Una delle certezze, la prima, riguarderebbe la verità sul sequestro o meno di Giulio Regeni nel percorso tra la sua abitazione e la fermata della metropolitana di Dokki. Alle ore 19:59 del 25 gennaio si ha la certezza che il cellulare dello studioso abbia agganciato la rete dati della stazione, posizionandolo dunque nella stessa. Questo significherebbe che Giulio sarebbe giunto alla fermata di piazza Tahrir, dove si sarebbe dovuto incontrare con l’amico Gennaro. Purtroppo per un guasto alle rete di videosorveglianza, così almeno attestano gli inquirenti egiziani, non si ha una registrazione dalle 56 telecamere della stazione di Dokki. Solo una funzionava: quella puntata sulle scale mobili di accesso, il cui nastro però risulterebbe sovrascritto e non ancora messo a disposizione degli inquirenti. Per una “fortuita coincidenza” anche le immagini di videosorveglianza della stazione di piazza Tahrir risulterebbero assenti.

 

L’ipotesi riguarderebbe la possibilità che Regeni sia stato arrestato durante le retate in corso quel 25 gennaio a Piazza Tahrir. Fonti del ministero dell’interno attesterebbero un bilancio di 20 arresti, tra cui 19 egiziani e uno straniero.  Solo successivamente alla scomparsa di Giulio, fonti ufficiose egiziane hanno riferito che gli stranieri fermati sarebbero stati due, di cui uno turco e uno “cittadino americano”, la cui identità rimane sconosciuta. Questa segretezza avvalorerebbe la seconda certezza, quella di un rastrellamento eseguito dal capo della polizia di Giza, il generale Khaled Shalaby.

 

In un piccolo articolo del giornale locale “Veto”, tradotto da “La Repubblica”, il giornalista Manal Hammad avrebbe portato alla luce degli accertamenti su uno straniero arrestato all’interno di un caffè, che si sarebbe trovato nella questura di Giza, nella zona di Al Bahr Al Azam.
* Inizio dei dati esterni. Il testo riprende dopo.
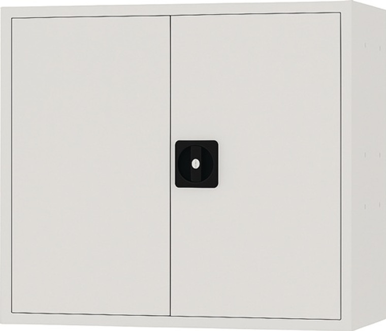 zwei Flügeltüren · Flügeltür innenliegend, bündig mit Gehäuse · Türöffnungswinkel ca. 100° · Fachboden aus verzinktem Stahlblech · Griffschalenschloss inkl. 2 x Schlüssel · Verriegelung seitlich · Blechstärke 1 mm · Tragfähigkeit 35 kg · zur Wandbefestigung
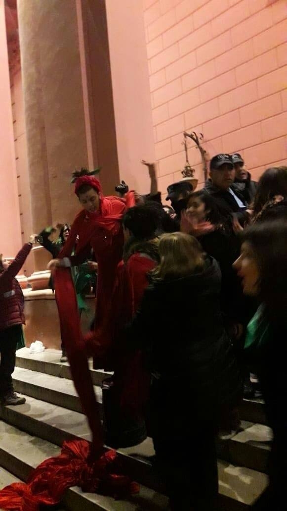Mientras en la Catedral se estaba celebrando misa, alrededor de diez personas autoconvocadas se acercaron con banderas y gorros celestes a favor de la vida, primero estuvieron en frente de Casa de Gobierno y luego se acercaron a las puertas de la Catedral donde se enfrentaron con las personas que estaban manifestándose a favor de la legalización de IVE. Inmediatamente un cordón policial dividió las partes a fin de evitar choques que pasen a mayores. Cabe destacar, que el grupo que se manifestó por la vida, son autoconvocados, ya que la Diócesis organizó otras actividades como campanadas, misa y oración en cada parroquia.
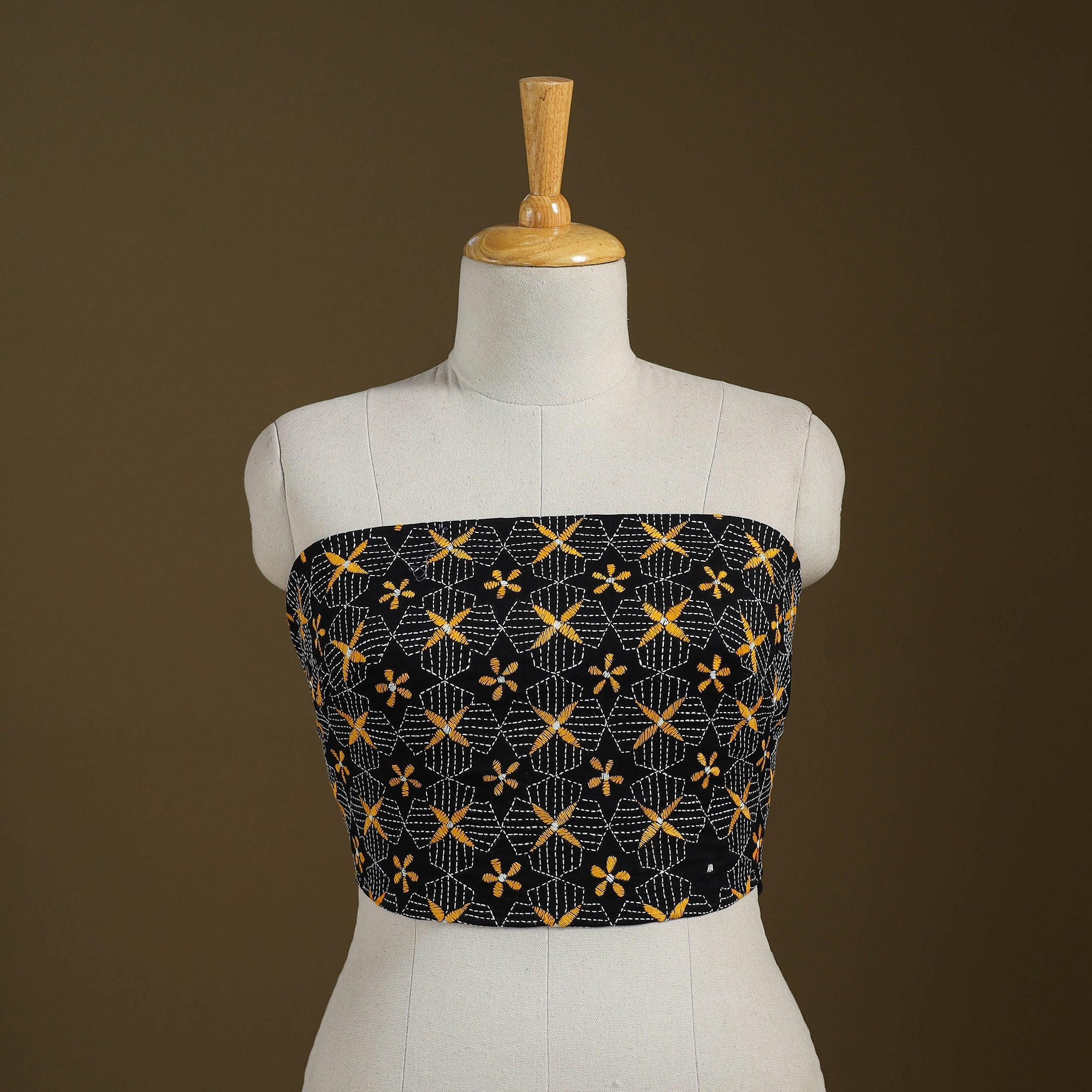 This black cotton bengal kantha stitch blouse piece showcases intricate hand embroidery inspired by the traditional kantha art of West Bengal. Each motif is carefully crafted by skilled artisans, turning it into a wearable piece of heritage. Style it your way with your favourite sarees to add a refined, handcrafted touch, perfect for both festive occasions and everyday elegance.
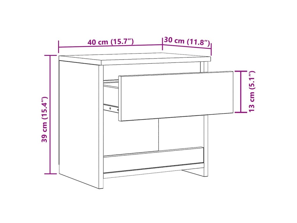 - Materiál s dlouhou životností: Tento noční stolek je vyroben z kompozitního dřeva, je tedy robustní, odolný a všestranný.
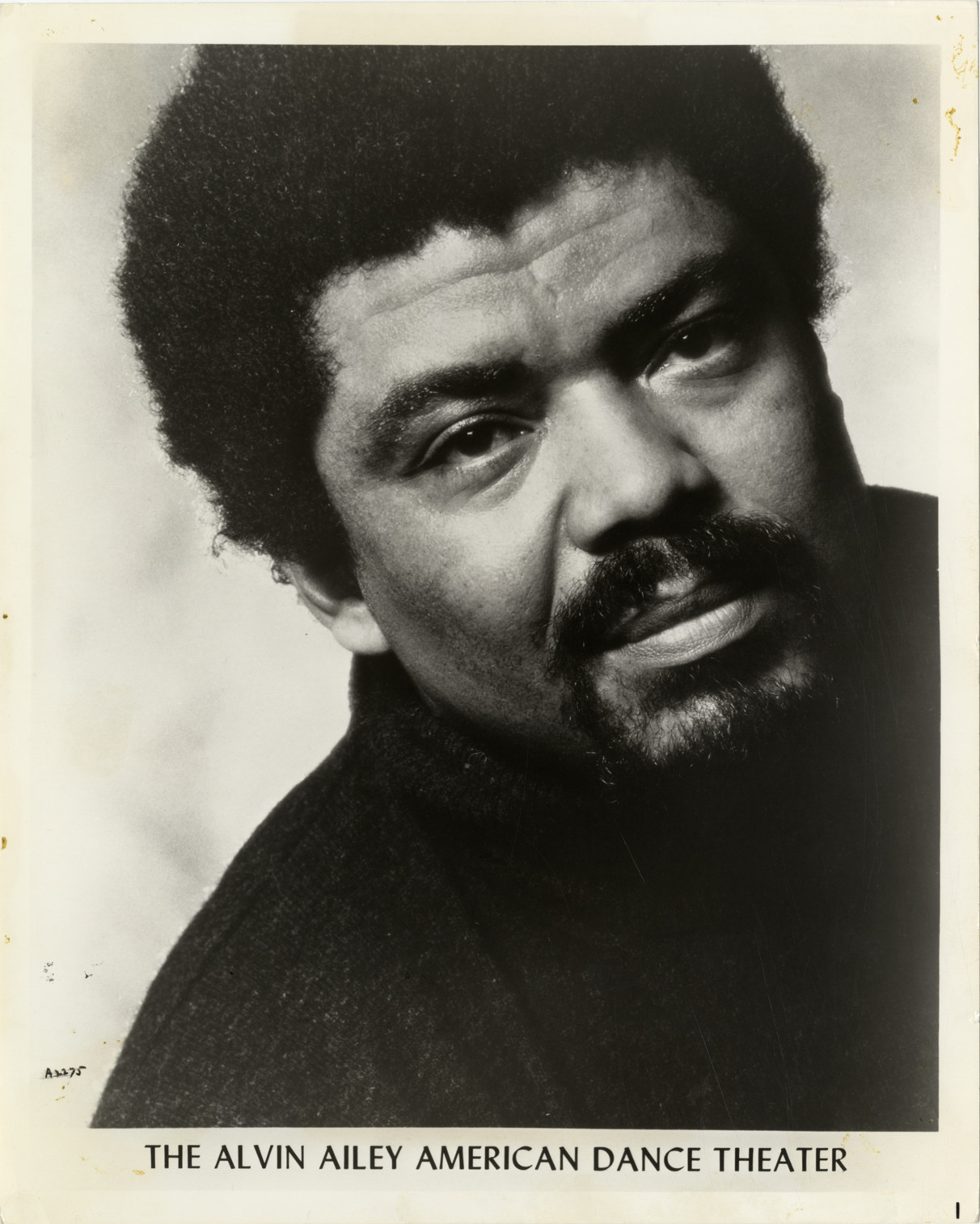 Favorite this☆ Alvin Ailey Description: Portrait of dancer and choreographer Alvin Ailey. Printed on front: "The Alvin Ailey American Dance Theater." Typed on back: "Alvin Ailey City Center Dance Theater, A2275, Alvin Ailey." Handwritten on back: "Ailey, Alvin, dancer." Details Resource ID: hk000155 Subject: Ailey, Alvin African American dancers Choreographers Photographic prints Date Issued: Unknown year Format: 1 photographic print ; 10 x 8 in. Member of: E. Azalia Hackley Collection Filing Location: Biography--Ailey, Alvin Rights: Physical rights are retained by DPL. Copyright is retained in accordance with U.S. copyright laws.

Questo straniero, che nell’ipotesi potrebbe essere Giulio Regeni, a detta di alcuni informatori, avrebbe parlato con i cittadini in una lingua araba approssimativa e utilizzando anche termini stranieri. Si sarebbe attestato che lo stesso straniero avrebbe cercato di mobilitare il popolo, facendolo scendere in piazza in occasione della ricorrenza del 25 gennaio. Per questo il giovane era stato bloccato ed era stato redatto un verbale d’accusa, inviando una comunicazione alla procura. Queste informazioni, indifferenti in quei giorni, in cui si ignora della scomparsa di Giulio Regeni, potrebbero essere molto significative, dopo ben otto settimane in cui sono state taciute agli investigatori italiani.